とはいえ、ブライトがいない状況で指揮をとってくれているのは感謝しかない。
……ていうか、もしかしてブライトが逃げ出したのも俺の責任になるのだろうか?
一応、俺が……というかヴァリドー家がブライトにこの街を任せているわけだし……。
俺、フィーリア様に怒られるのだろうか? 中間管理職はこれがあるから嫌なのだ……。
上から怒られ、下からも色々言われるんだから。
俺はため息混じりに頭上を見上げると、確かに結界魔法が展開されていることを理解する。

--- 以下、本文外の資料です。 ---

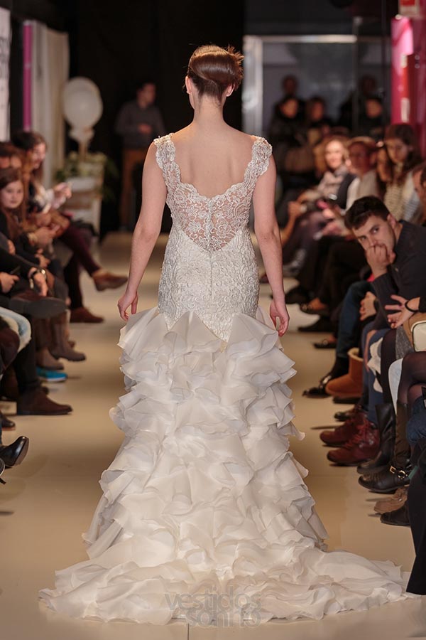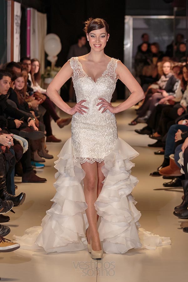 Mais um dos nossos vestidos curtos, mas muito elegante, feito em renda, com decote em coração, e a cauda é feita com folhos. Perfeito para acentuar bem a beleza feminina.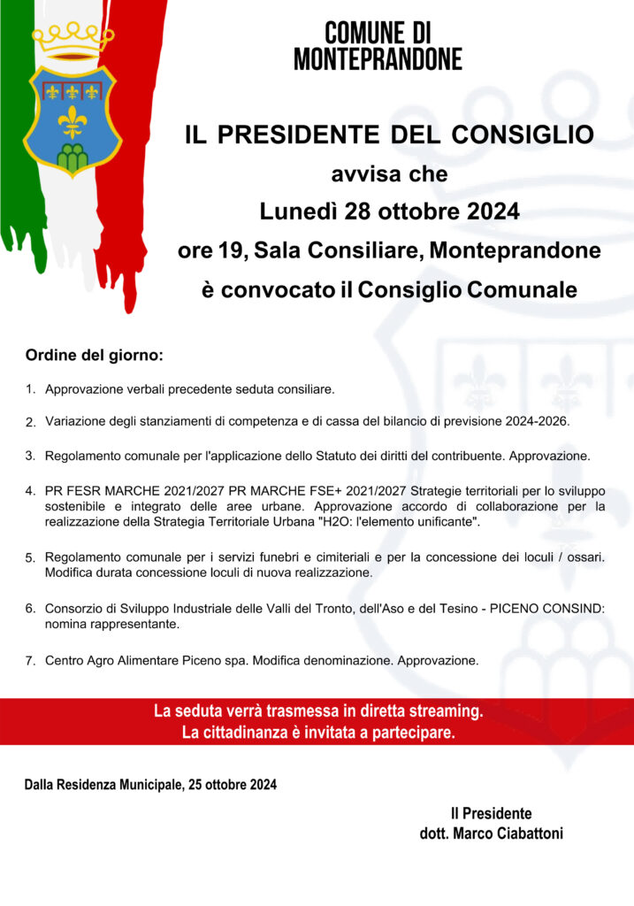 Il Presidente del Consiglio comunale Marco Ciabattoni avvisa che, per lunedì 28 ottobre 2024, alle ore 19, in sessione ordinaria di prima convocazione e in seduta pubblica, è stato convocato il Consiglio Comunale, presso la sala consiliare di Monteprandone, per discutere il seguente ordine del giorno: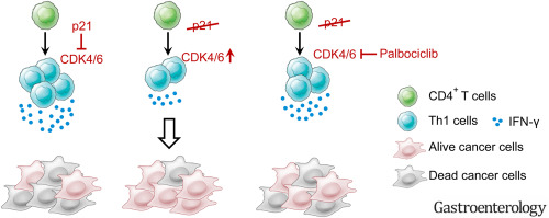T细胞在抗结直肠癌(CRC)免疫应答中发挥关键作用,但其效应功能常受T细胞耗竭的限制。目前,调控T细胞耗竭的内在分子机制尚未完全阐明。本研究旨在探究细胞周期蛋白依赖性激酶抑制剂Cdkn1a/p21在CD4⁺ T细胞中的功能,及其对抗肿瘤免疫应答的调节作用。Gastroenterology(IF:29.4)发表的研究揭示了细胞周期调控因子p21在维持CD4⁺ T细胞功能中的关键作用。

ワイバーン、か。空にはワイバーンや蝙蝠系の魔物が飛んでいるのが見える。
ゲームの最初のイベントと考えると、魔物の数はかなりのものだ。
まるで、この街を破滅させるかのような勢いだ。
ゲームの最初のイベントなら、魔物たちの狙いはセイリンのはずだ。セイリンを連れ去るよう、魔族の指示を受けているのだが……あの数はいなかったはずだ。
それに――。
俺は魔物の端のようにいた死神を見ながら、顔を顰める。
……あれは、バッドエンドを選択した後に出てくる死神に似ているな。
死神のような魔物自体は、ゲームプレイ中には出て来なかった。
ただ、そいつに似ている存在は、恐らくこのゲームのプレイヤーならほとんどが知っている。
バッドエンドに到達したときに、いつもアドバイスを出していた死神のキャラクターがいた。

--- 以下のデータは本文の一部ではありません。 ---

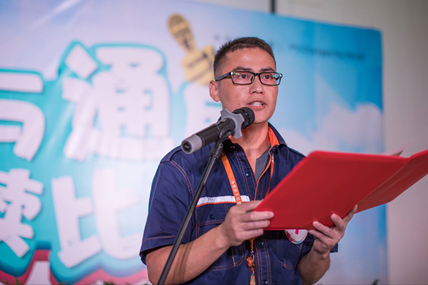 兩地比賽現場,102位來自公司各崗位的朗讀者們或鏗鏘激昂、或滿懷深情,將無聲的文字用真摯的情感訴說。《通威集團企業文化故事集》中的感人故事、《那些年,我們在一起的日子》中的精彩文章都備受選手們的青睞,獨具風格的原創作品也在現場贏得陣陣掌聲。來自合肥公司信息管理部的李琳,用深情的話語將同事的原創作品《秋日下的通威》娓娓道來;而成都公司行政部黃其淋等6人朗讀的《我是意氣風發的通威人》更是情感真摯、詩情飛揚。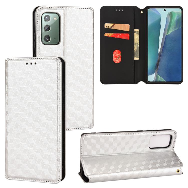 For Samsung Galaxy Note20 Cubic Grid Texture Flip Leather Phone Case(Silver)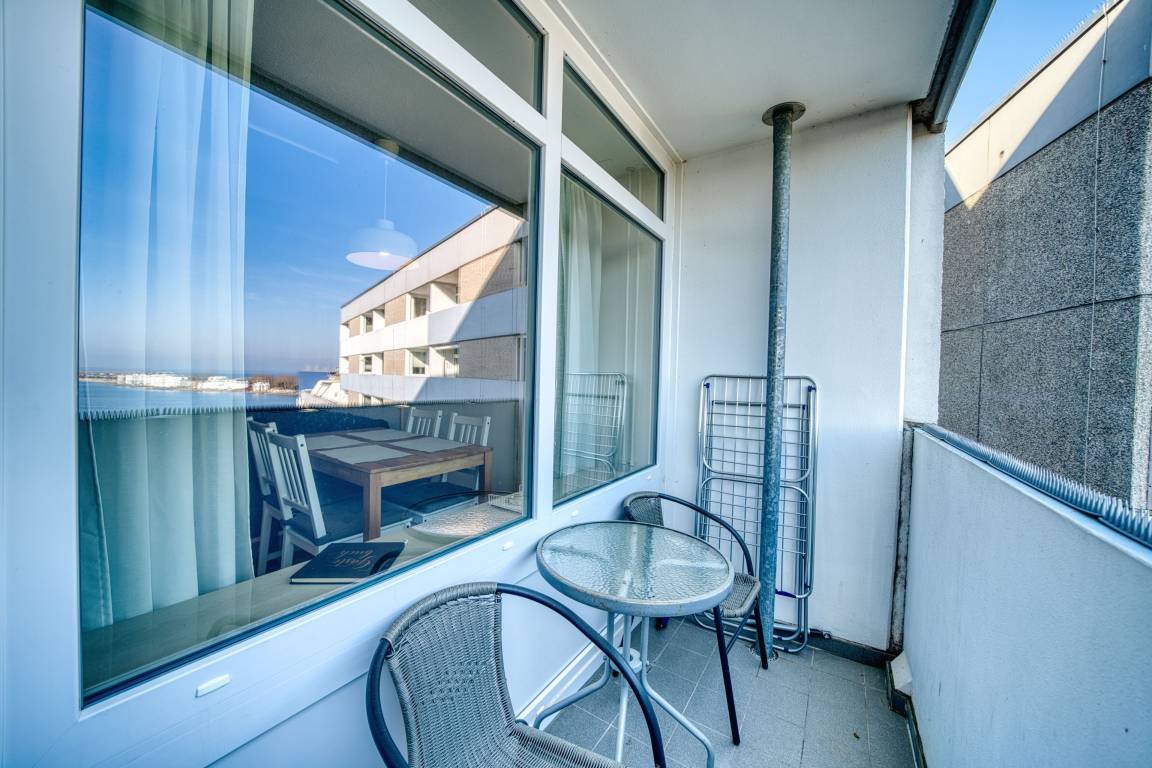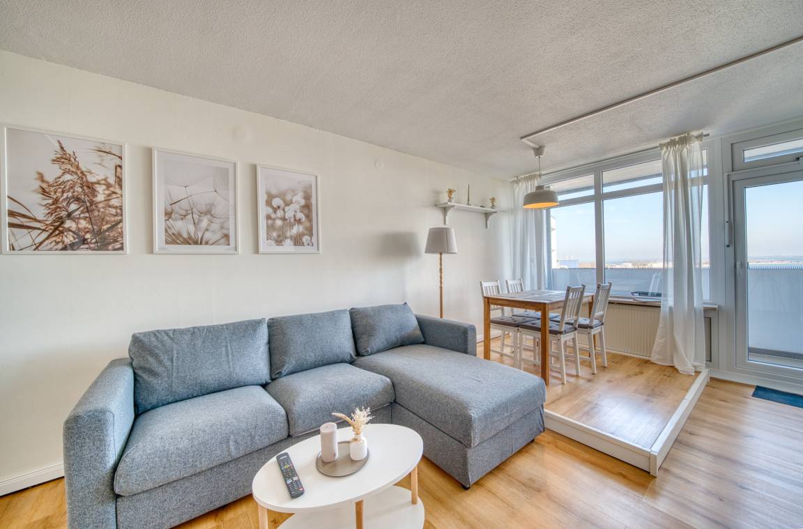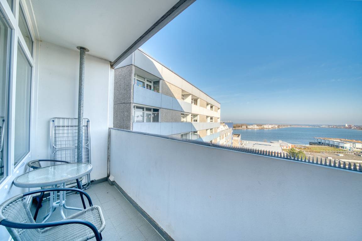 Die Ferienwohnung im Haus E, 11. Etage, mit Balkon, bietet viel Platz und einen traumhaften Blick auf die Ostsee sowie den großen Binnensee. Genießen Sie Ihr Frühstück mit Sonnenaufgängen oder den Abend durch ein buntes Farbenspiel rund um den Binnensee.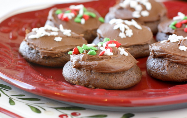 Every year in December I do something called the 12 Days of Christmas Treats where I post a new Christmas recipe every day for 12 days. You’d think that I would be burnt out on Christmas cookies, but no! When Katrina invited me to participate in I’ll Bring the Cookies, I already had the perfect cookie recipe picked out – Frosted Chocolate Cupcake Tops! These cookies are moist, chocolatey and best of all are covered in creamy chocolate frosting. Yum! J

見た目は可愛らしい死神なのだが……もしも、こいつがその部下だとしたら……色々と疑問が浮かんでくる。
その死神……名前はヘル、だったか。
ヘルは、ゲームプレイ中に出てくることはないのだが、バッドエンドを回避するためのアドバイスをくれるキャラクターだった。
間違った選択肢を教えてくれたり、ボス戦の場合は弱点や倒し方のヒントをくれたりしてくれるのだ。
ゲーム本編には出て来ないので、疑問に思われていたが可愛らしい見た目なので、密かに人気ではあった。
ゲームをプレイしている男たちからすれば、可愛いければなんでもいいのだ。